Dernière question, vous parliez de ce qui ne fait pas plaisir avec les contraintes actuellement liées au confinement. Noël, la règle, la consigne, c'est de ne pas être plus de 6 adultes à table. Est-ce que ça va être votre cas ? Est-ce que vous n'allez pas être plus de 6 à table pour passer les fêtes en famille ? Est-ce que vous avez conscience que c'est compliqué à organiser et que ça ne fait pas plaisir, sauf peut-être aux Français qui n'aiment pas leur famille ou leur belle-famille ?
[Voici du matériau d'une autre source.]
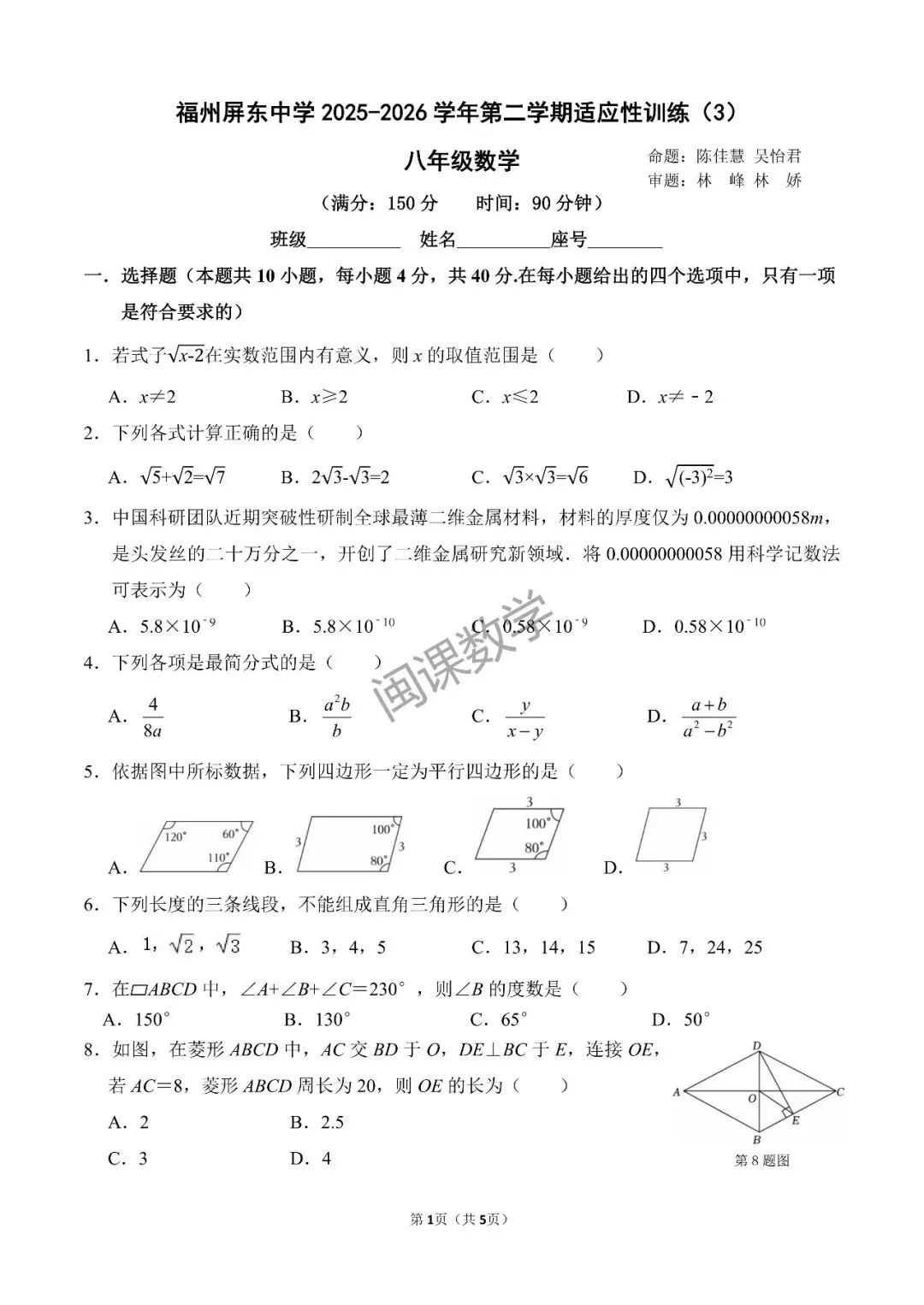 6年【福州屏东中学】试卷:八年级下学期适应性训练数学练习3

Moi c'est mon cas pour une raison assez simple, c'est que je suis fille unique, donc je vais retrouver mes parents. Donc nous serons 3 à table avec un chat, donc ça devrait aller. Merci pour la précision du chat. Exactement, non mais je crois encore une fois que là, c'est un enjeu de responsabilité. Je crois que les gens ont compris qu'ils n'allaient pas pouvoir se retrouver à une trentaine, faire une grande cousinade. Je crois que les gens sont suffisamment responsables et raisonnables. Donc c'est toujours le même problème. Si le Premier ministre n'annonce rien, dites faites bien comme vous voulez.
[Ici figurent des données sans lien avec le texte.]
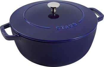 This cocotte is crafted in France from premium cast iron for exceptional heat retention and distribution, with a smooth enameled interior for perfect browning, slow-cooking meats and vegetables to tender perfection, and for simmering hearty stews and soups.

On dit mais en fait, il est complètement irresponsable alors qu'on a des difficultés dans les hôpitaux. Il l'annonce, on dit mais il nous prend pour des enfants. Non, je crois juste qu'on est conscient que chacun doit pouvoir être raisonnable et responsable. Très rapidement, parce qu'il nous reste encore quelques secondes. Valérie Giscard d'Estaing a été énumée hier. Dans la plus stricte intimité, ce sera un jour de deuil national, mercredi. Est-ce qu'il y a un peu de VGE dans Emmanuel Macron ? Vous avez 10 secondes pour répondre, bon courage. Je crois qu'il y a surtout beaucoup de Giscard d'Estaing dans la société moderne qui est la nôtre aujourd'hui.
Je crois que ça a été un grand président de la République. Je crois qu'il y a un peu une injustice aussi dans la manière avec laquelle aujourd'hui il est honoré ou il a été parfois un peu oublié. Moi je pense qu'il ne faut pas oublier l'héritage qui est le sien et ce qu'il a permis de porter, notamment sur la question de droit des femmes, sur les questions européennes. Je crois que sur le long terme, on saura s'en souvenir.
Aurore Berger, merci beaucoup d'être passée à France Info. Merci Jean-Jérôme Bertolus. Excellente journée à tous les deux. Demain vous retrouvez Marc Fauvel et Salia Braclia à la même heure sur France Info.